Business means big bucks for any state that can lure a company to their borders. With the arrival of a new business, it typically signals new jobs and tax revenues for that state. Therefore, the incentive for states to offer elaborate tax refund packages is great. However, as many critics of such tax incentives will agree, this is only a short-term fix, and can often backfire.
Case and point is Florida. In 1996, Florida lured a major credit card company with the promise of a $4 million tax refund package in exchange for the company building a new credit card call center in Tampa, Florida. Oh, sunny days! But wait…lawmakers were shocked to recently learn that the company intends to close the call center and lay off its 1100 workers.

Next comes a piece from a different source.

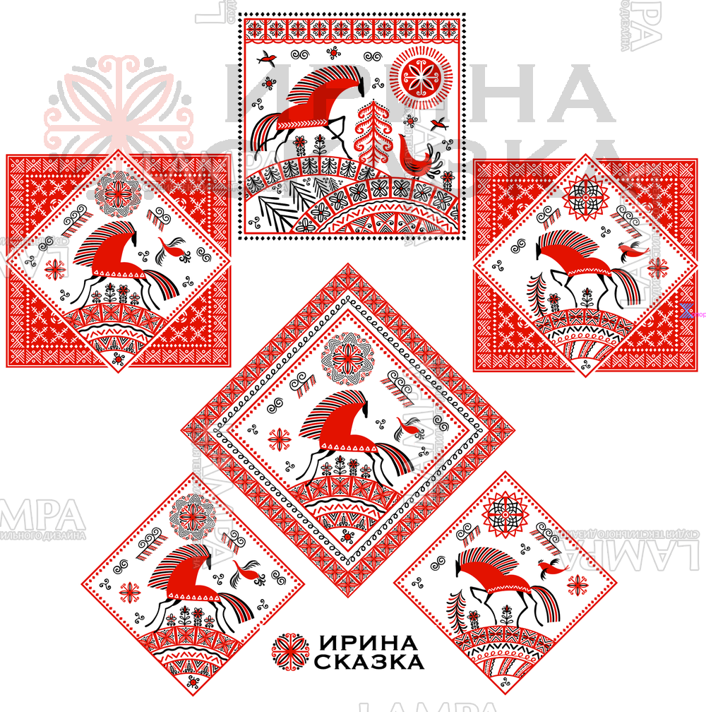 Набор иллюстраций в стиле мезенской росписи «КРАСНЫЙ КОНЬ 2026»
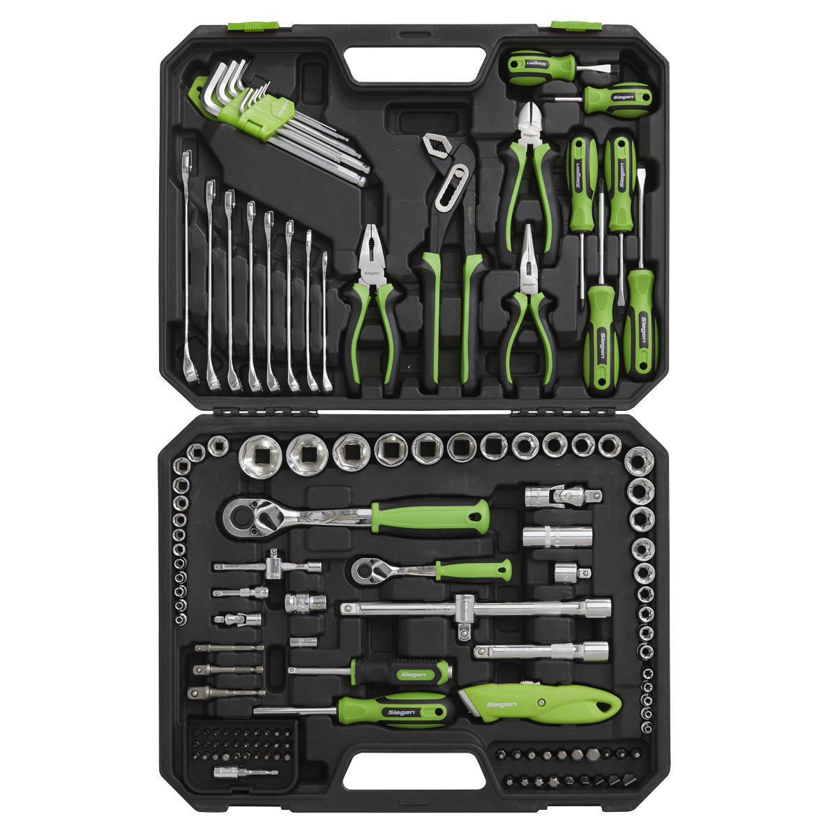 Comprehensive range of frequently used hand tools with 1/4" and 1/2"Sq Drive Reversible ratchet wrenches. Includes 1/4", 3/8" and 1/2"Sq drive sockets, hex keys, combination spanners, screwdrivers, pliers, utility knife, bit set and accessories. Tools feature soft grip handles for comfort and control. Supplied in a storage case.

The Tax Foundation argues that in order to attract businesses long-term, states need to focus on good tax fundamentals rather than short-term abatements and exemptions designed to lure high-profile companies from other states. In their State Business Tax Climate Index, they rate individual states in terms of their business tax climates.
To make the best business tax climate list, the state needs to be able to raise sufficient revenue without imposing one of the three major state taxes such as sales tax, personal income tax, and/or corporate income tax. For the honor of sitting on the worst business tax climate state list, the state needs to posses an inhospitable tax climate usually illustrated by complex multi-rate taxes or taxes that were well above average. So, who are the best and the worst states in terms of business tax climate?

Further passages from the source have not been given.